208. Paris, Vendredi 5 Juillet 1839
Midi
Je me suis levé tard ce matin. Je dormais. Je dors assez mal, je ne sais pourquoi, car je me porte bien. Je pense beaucoup la nuit et le jour. J’ai rarement vécu aussi seul. Le monde que je vois ne rompt pas ma solitude. Le Duc de Broglie est tenu toute la journée à la Chambre des Pairs. Nous ne voyons guère qu'en dînant ensemble. Plus je suis seul, plus je vis avec vous seule. Mais je passe décidément à la présence réelle. Il n’y a que cela de vrai. Le procès ennuie tout le monde, juges et accusés. Les Pairs déclarent qu’ils n'en veulent plus de semblable. Les accusés sauf un seul ont l’attitude de gens qui ne recommenceront pas. C'est l’impression générale. Les avocats eux-mêmes sont polis. Cela finira dans huit jours. Il en reste encore près de 200 en prison. On en mettra quelques uns en liberté. Les autres attendront jusqu'au mois de novembre, au plus tard encore, pour être jugés, je ne sais pas bien par qui. Je ne suis pas aussi convaincu que tout le monde que cette échauffourée-ci soit la dernière ; mais certainement c'est une folie, en déclin. Le Chancelier aussi est en grand Déclin out le monde en est frappé. Je n’ai pas encore été dîner à Châtenay. Cela ne me plaît pas.
Madame de Boigne va mieux. Je suis très ennuyé que vos Affaires de Pétersbourg ne marchent pas plus vite, et bien aise que votre fils Paul soit si réservé. Donc il croit sa cause mauvaise. Dans cet état des choses, il me paraît impossible que les lettres de Madame de Nesselrode. Ne vous fassent pas faire un pas. Mais il y a bien des pas à faire avant que vous soyez au terme.
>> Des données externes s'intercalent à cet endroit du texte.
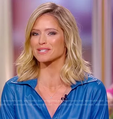 Sara Haines on The View on ABC was spotted wearing this blue leather dress on The View on Oct 05 2020's episode. Sara's Dress is the Saddie Dress by Ramy Brook.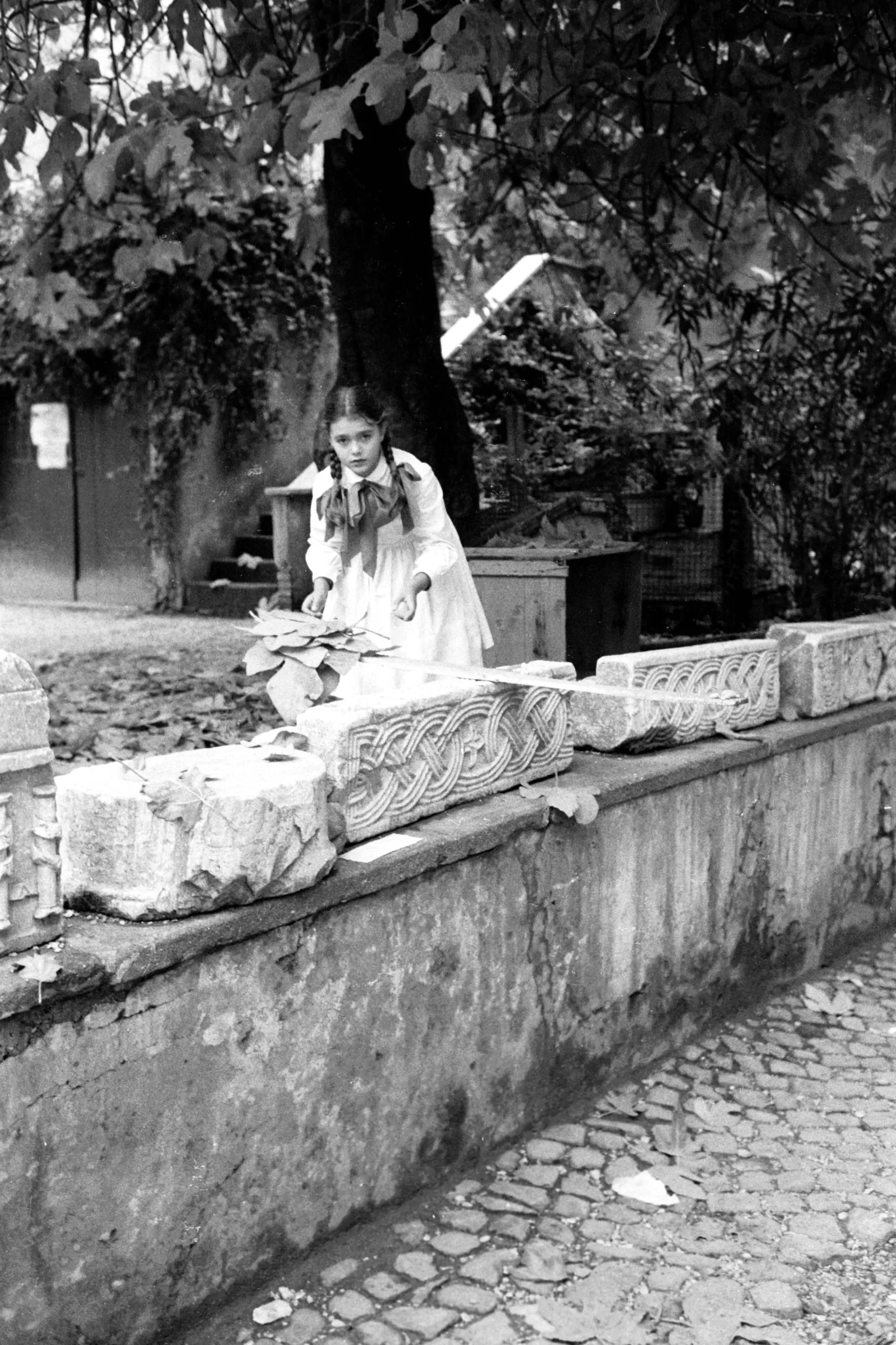 Black and white photograph of a young girl in a white dress leaning over a stone wall topped with carved architectural fragments, looking at the camera

Vous avez beaucoup d'expérience des personnes, aucune des choses. Elles sont toutes lentes, difficiles, embrouillées. Elles ne vont que lorsqu'une volonté, active et obstinée s'en mêle. Et cette volonté pour vous. Je ne la vois pas à Pétersbourg. Il y a des Abymes de la bienveillance à la volonté. Je suis donc tourmenté, et pourtant je voudrais que vous le fussiez un peu moins. Je vous voudrais moins confiante et moins impatiente. Si vous vous laissiez complètement gouverner par moi, que vous vous en trouveriez bien !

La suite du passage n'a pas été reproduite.